* PROBLEM DETAILS
Pictures in the entries below are excluded; copy only the lines from the one containing "Introduction The UK" to the one containing "Zdjęcia, Góry, Wulkan, Kluczewska", both included.

* DATA SHOWN
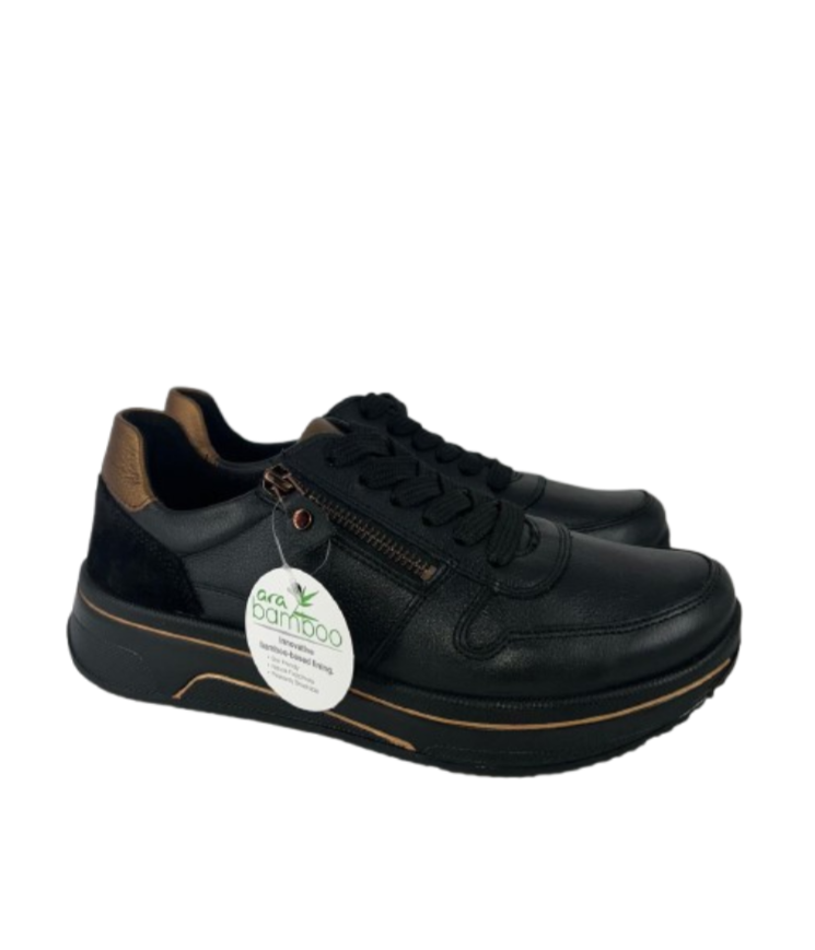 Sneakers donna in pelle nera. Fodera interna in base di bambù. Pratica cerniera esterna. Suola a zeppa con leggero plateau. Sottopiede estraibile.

---

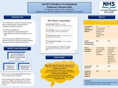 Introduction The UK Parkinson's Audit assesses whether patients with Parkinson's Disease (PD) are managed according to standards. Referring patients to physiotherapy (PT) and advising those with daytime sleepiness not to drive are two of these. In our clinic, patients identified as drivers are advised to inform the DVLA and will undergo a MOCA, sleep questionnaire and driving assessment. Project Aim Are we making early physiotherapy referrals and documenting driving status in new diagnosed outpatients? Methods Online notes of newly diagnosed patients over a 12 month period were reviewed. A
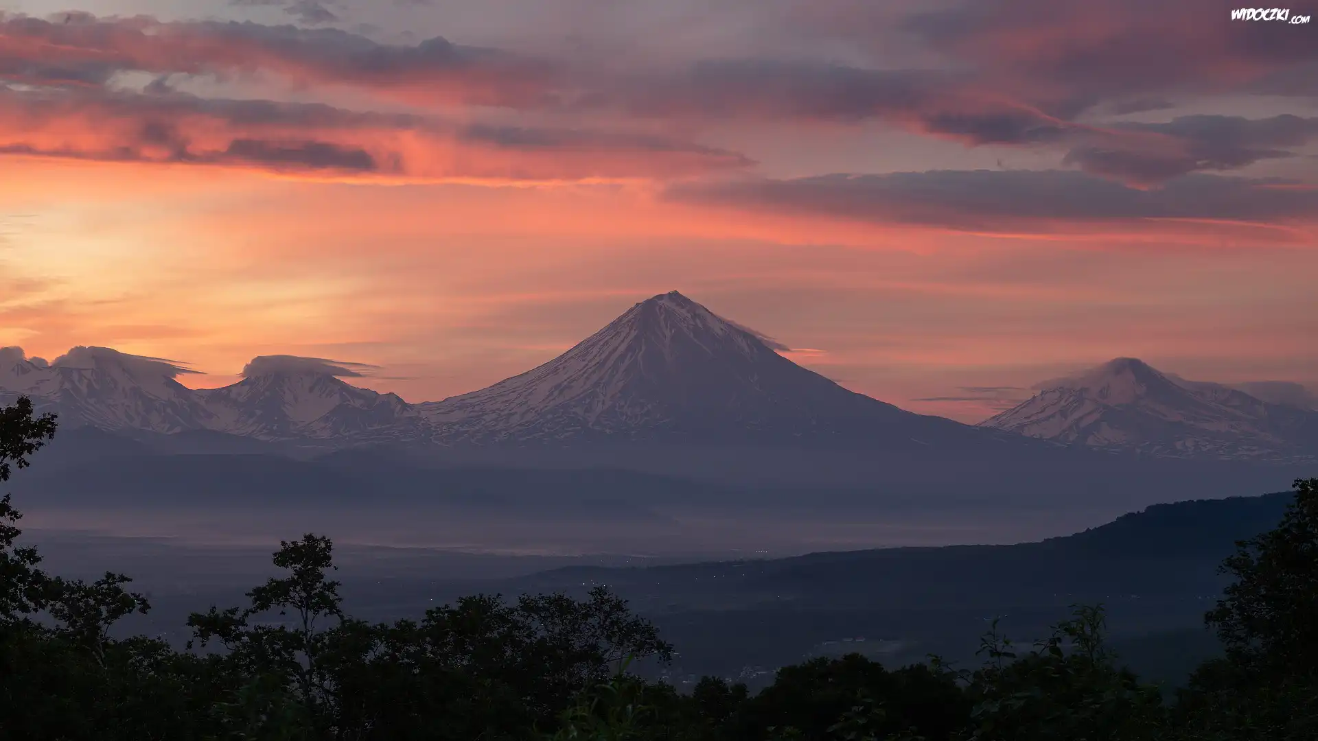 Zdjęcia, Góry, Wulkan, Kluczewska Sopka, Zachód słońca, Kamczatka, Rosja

--

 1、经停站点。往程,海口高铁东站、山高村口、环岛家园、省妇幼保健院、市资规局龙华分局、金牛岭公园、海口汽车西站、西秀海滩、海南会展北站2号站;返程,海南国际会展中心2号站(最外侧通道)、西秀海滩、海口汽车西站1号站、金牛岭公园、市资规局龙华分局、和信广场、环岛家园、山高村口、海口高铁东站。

* ANSWER FOR THE TASK
 Introduction The UK Parkinson's Audit assesses whether patients with Parkinson's Disease (PD) are managed according to standards. Referring patients to physiotherapy (PT) and advising those with daytime sleepiness not to drive are two of these. In our clinic, patients identified as drivers are advised to inform the DVLA and will undergo a MOCA, sleep questionnaire and driving assessment. Project Aim Are we making early physiotherapy referrals and documenting driving status in new diagnosed outpatients? Methods Online notes of newly diagnosed patients over a 12 month period were reviewed. A
 Zdjęcia, Góry, Wulkan, Kluczewska Sopka, Zachód słońca, Kamczatka, Rosja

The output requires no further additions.